(Records from a data collection)
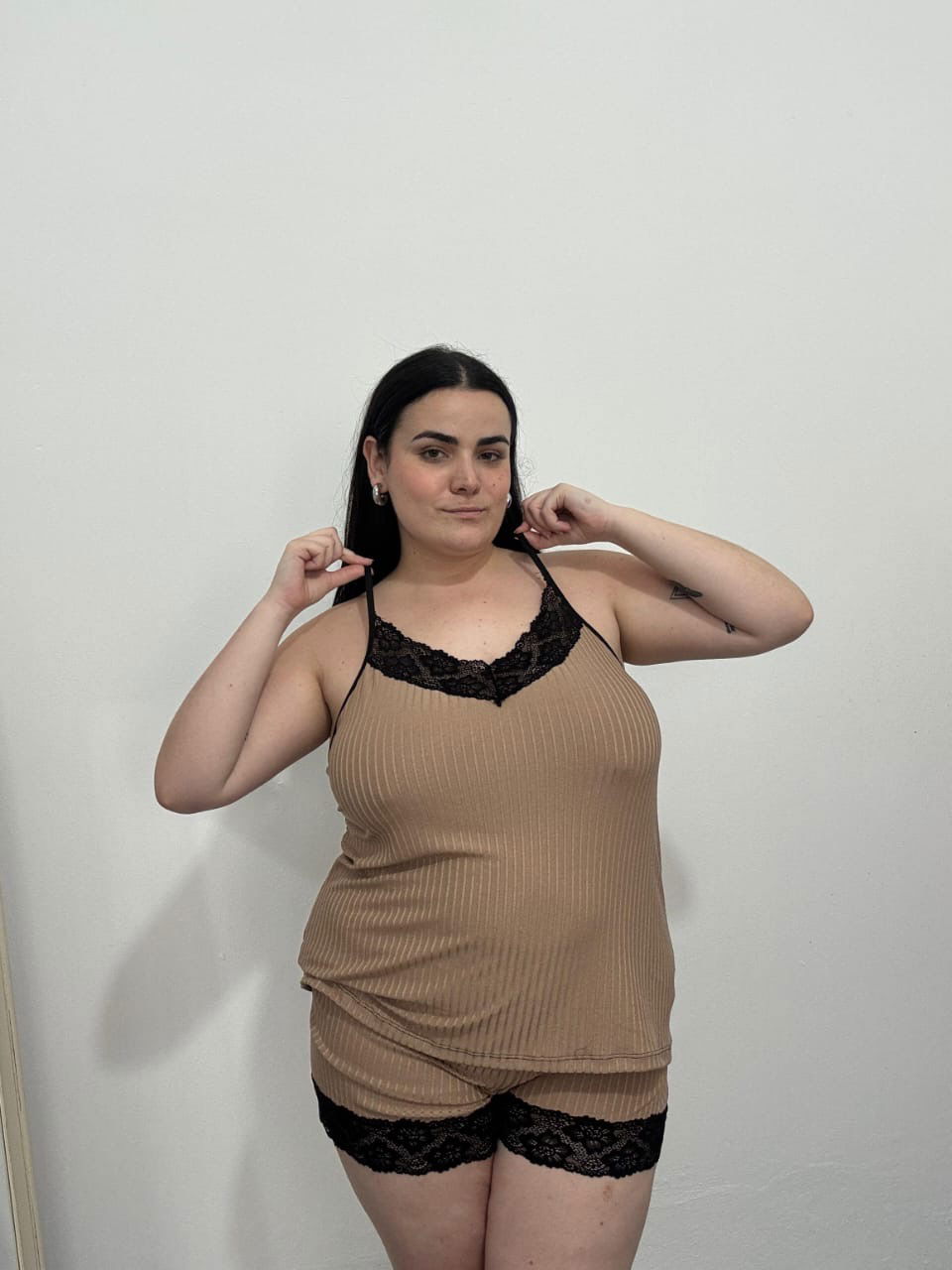 Pijama de morley con breteles regulables. Avios metálicos bañados en plástico!
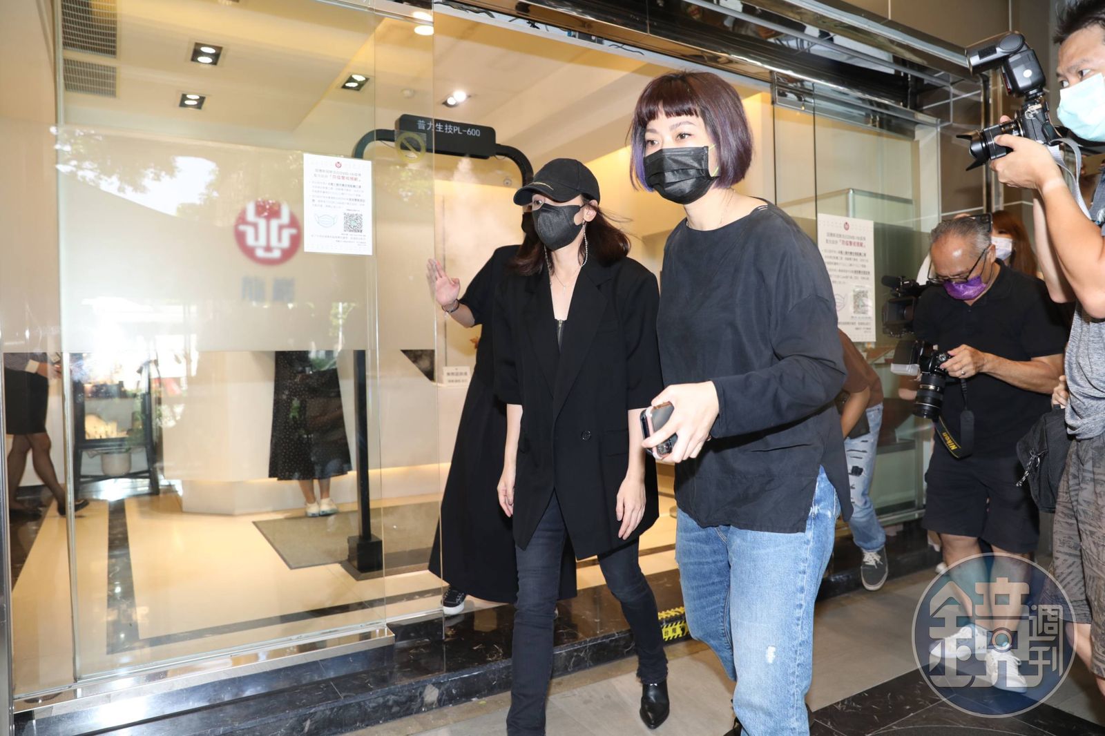 賈靜雯(左)一大早就到龍劭華靈前弔唁。發布時間:2021.09.18 15:01 臺北時間
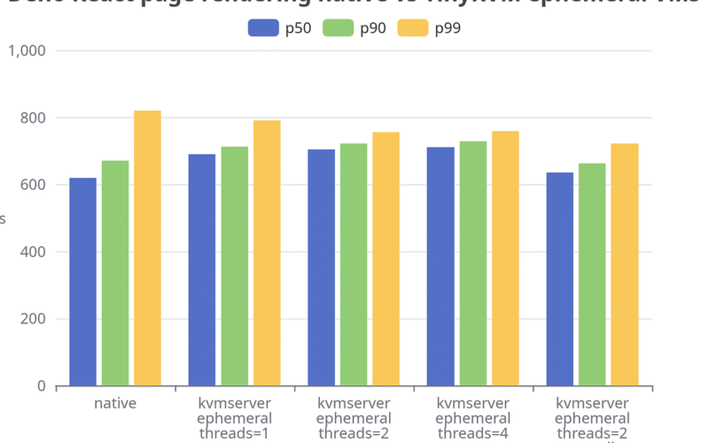 So we ran a full Deno page rendering benchmark in TinyKVM and then also the very same (unmodified) benchmark natively. We made GC single-threaded in order to compare equally. It would normally run async in another thread, but you’d still have to pay the cost of doing it. What we found was that TinyKVM generally had lower p90+ latency, while native had better p50.
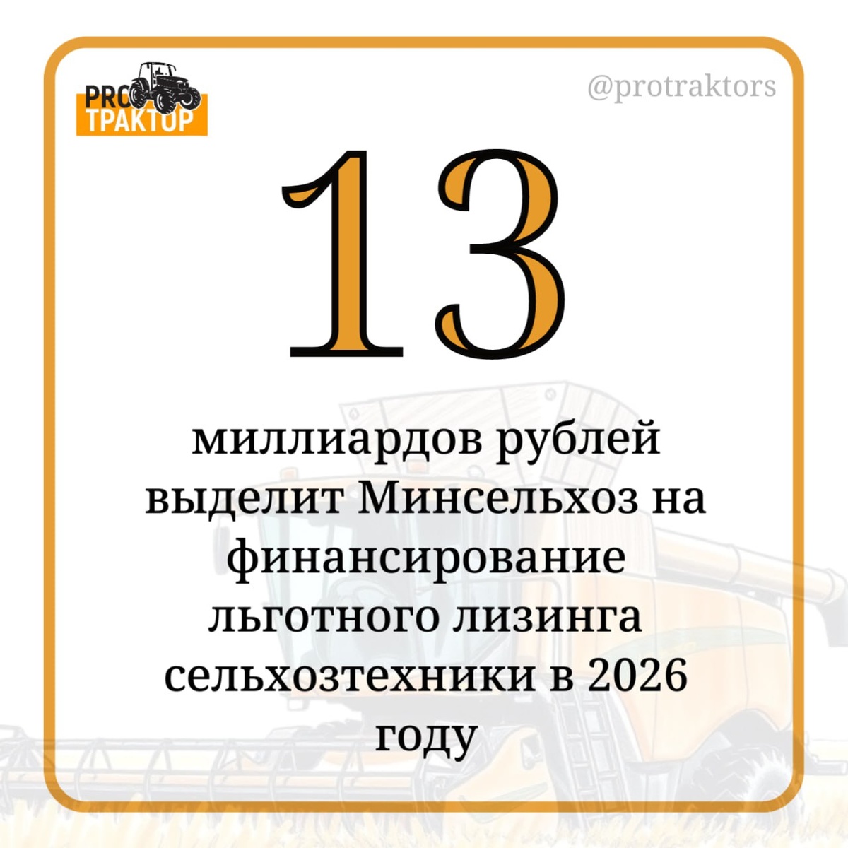 ⚡️ Финансирование механизма льготного лизинга сельхозтехники планируется увеличить до 13 млрд рублей — заявление приводится на сайте
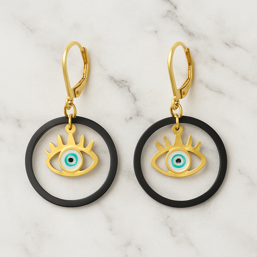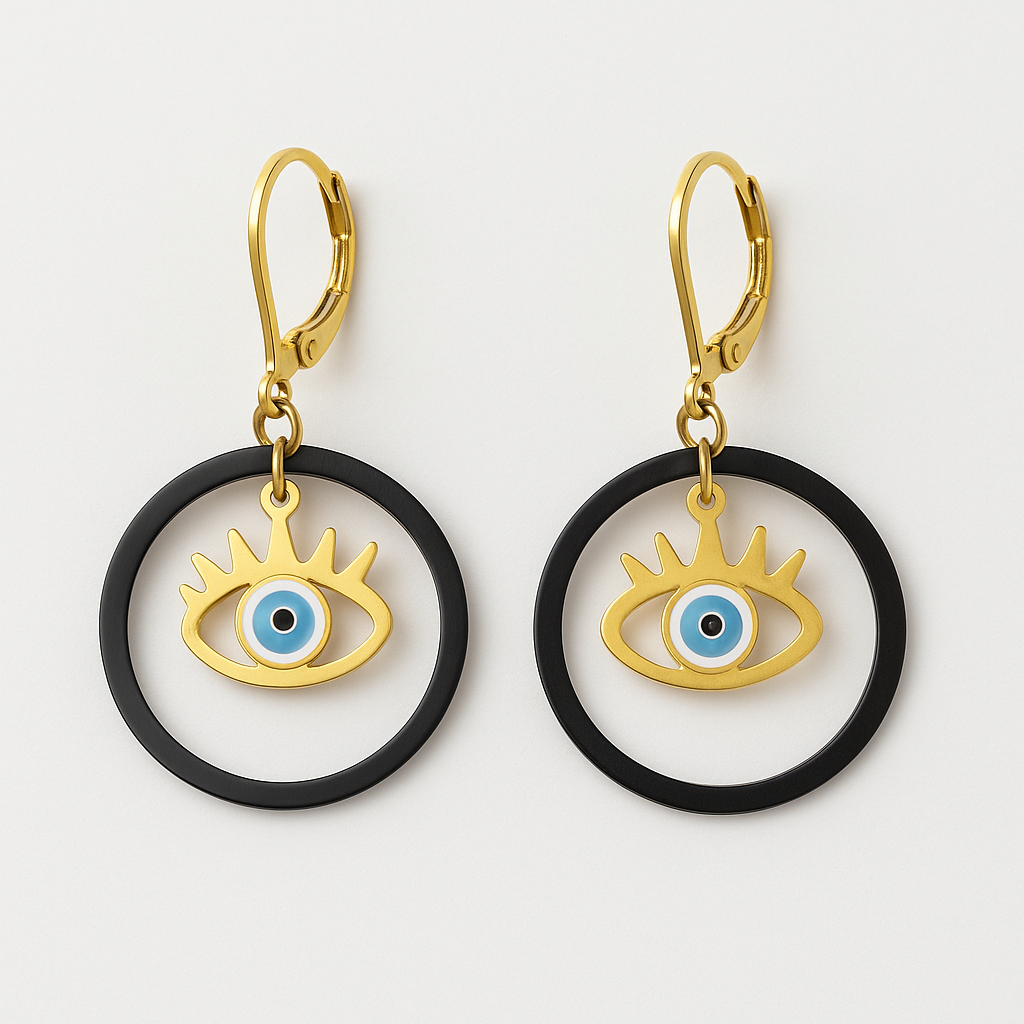 Σκουλαρίκια Eye με Μαύρο Κρίκο & Χρυσή Λεπτομέρεια

[TASK INSTRUCTIONS] Could you print the data exactly as it appears and keep the pictures out?

[ANSWER BELOW]
 Pijama de morley con breteles regulables. Avios metálicos bañados en plástico!
 賈靜雯(左)一大早就到龍劭華靈前弔唁。發布時間:2021.09.18 15:01 臺北時間
 So we ran a full Deno page rendering benchmark in TinyKVM and then also the very same (unmodified) benchmark natively. We made GC single-threaded in order to compare equally. It would normally run async in another thread, but you’d still have to pay the cost of doing it. What we found was that TinyKVM generally had lower p90+ latency, while native had better p50.
 ⚡️ Финансирование механизма льготного лизинга сельхозтехники планируется увеличить до 13 млрд рублей — заявление приводится на сайте
 Σκουλαρίκια Eye με Μαύρο Κρίκο & Χρυσή Λεπτομέρεια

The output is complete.